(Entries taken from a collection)
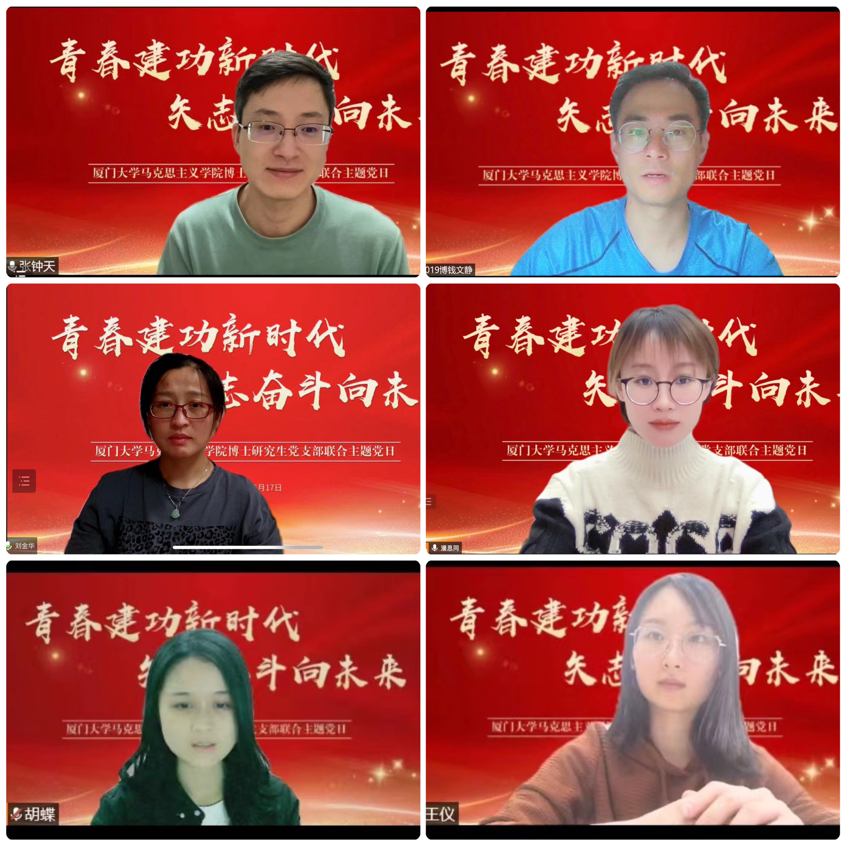 在党员代表发言环节,2021级博士生胡蝶、王仪同志,2020级博士生潘思同、刘金华同志和2019级博士生钱文静、张钟天同志分别围绕两篇讲话分享自己的学习体会。有的还结合自身学术研究方向,思考论文选题如何与国家需要相结合等问题。
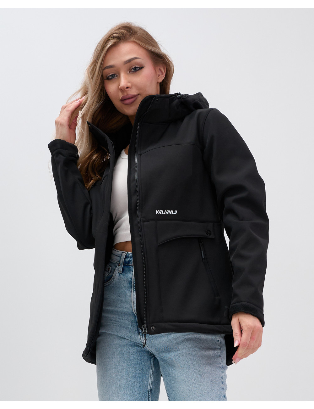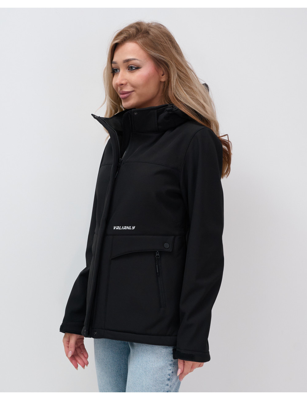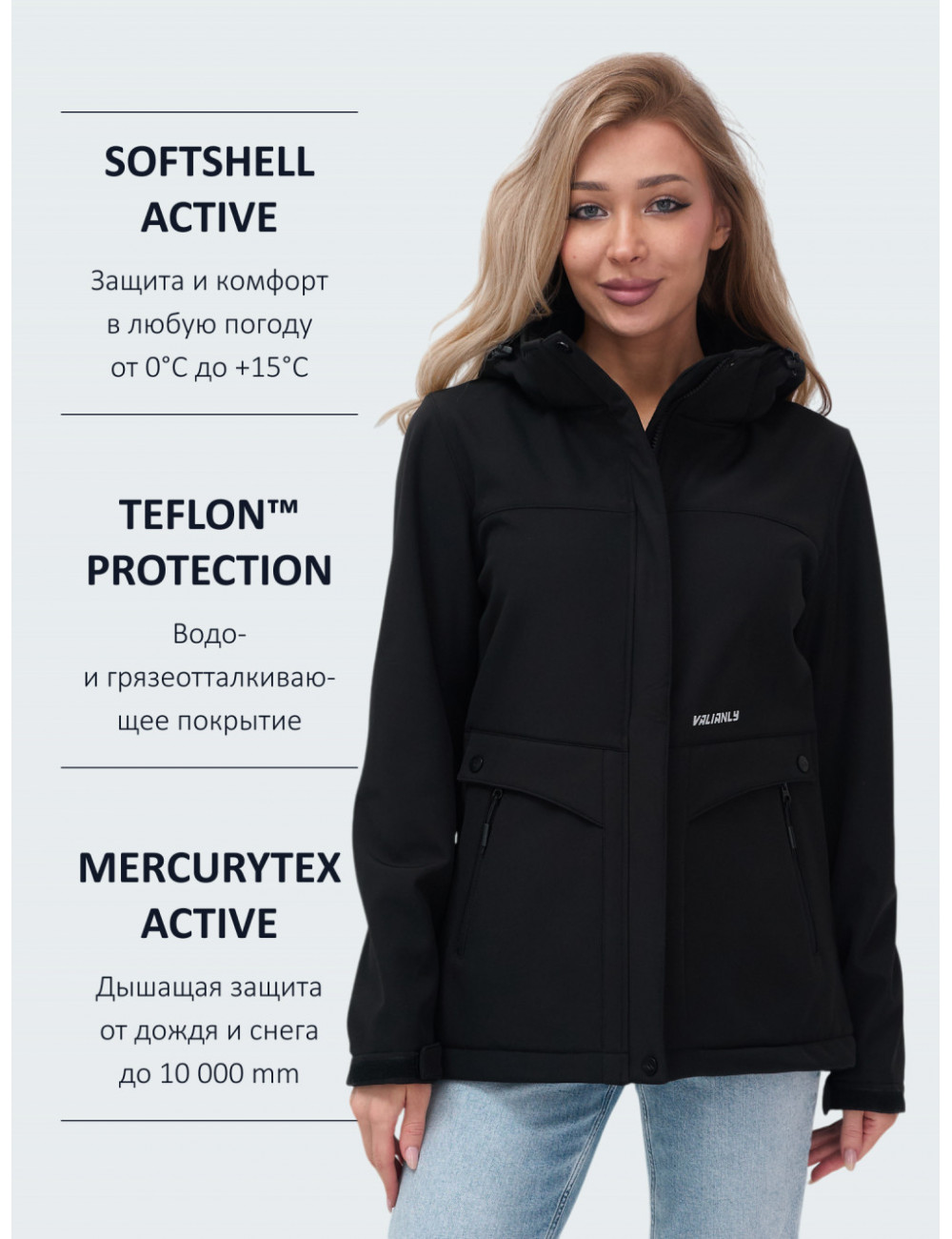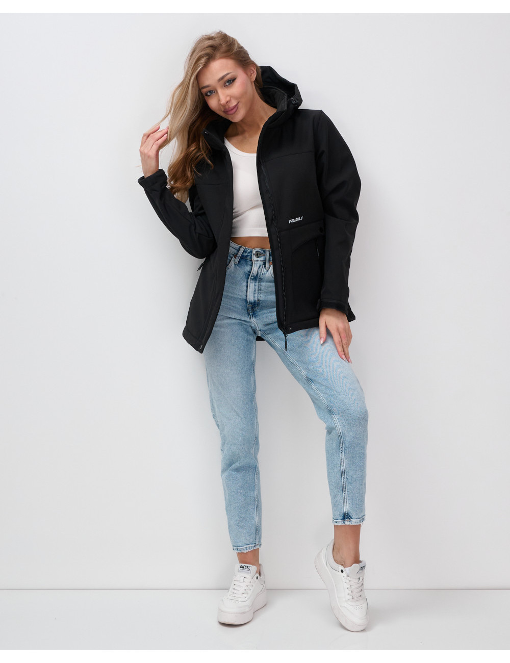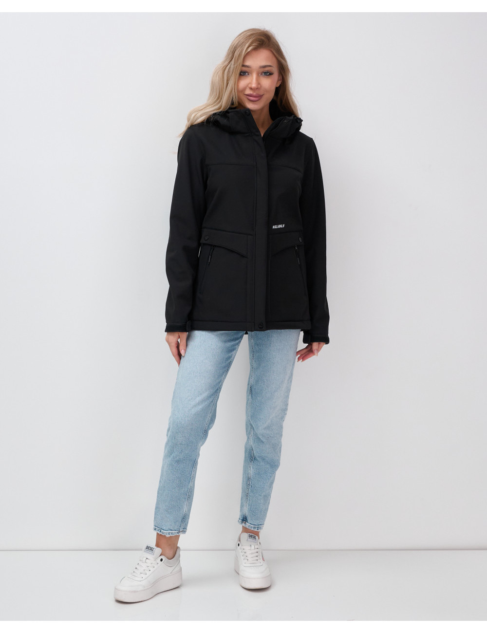 Доставка Женская спортивная ветровка с капюшоном softshell, чёрная, для активного отдыха по Тюмени и Тюменской области СДЭК
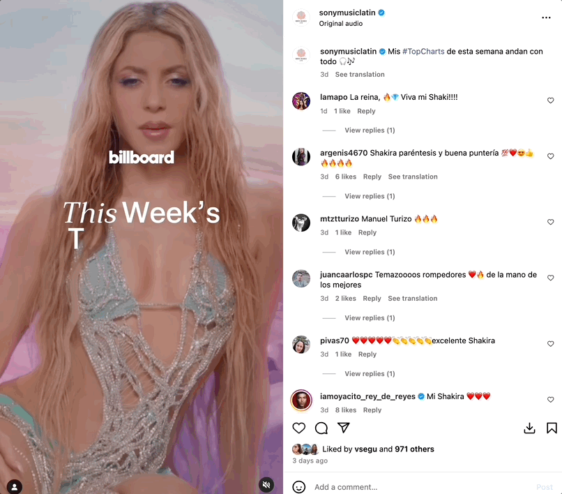 As part of our editorial strategy, we developed a series of content such as our weekly Sony Music Latin News, or Top Charts that were recurrent and helped position the brand as the top label in the industry.
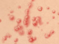 - Chickenpox (varicella). This starts as red bumps that turn into blisters and then scab over.
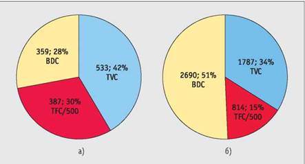 Рис. 1. Структура затрат: а) однодвигательного вертолета со взлетной массой 2 т; б) двухдвигательного вертолета со взлетной массой 8 т

→ WHAT THIS TASK INVOLVES
Quote, exactly and only, the lines from the first line of the data above through the line containing "Доставка Женская спортивная". The pictures do not belong in it.

→ ANSWER BOX
 在党员代表发言环节,2021级博士生胡蝶、王仪同志,2020级博士生潘思同、刘金华同志和2019级博士生钱文静、张钟天同志分别围绕两篇讲话分享自己的学习体会。有的还结合自身学术研究方向,思考论文选题如何与国家需要相结合等问题。
 Доставка Женская спортивная ветровка с капюшоном softshell, чёрная, для активного отдыха по Тюмени и Тюменской области СДЭК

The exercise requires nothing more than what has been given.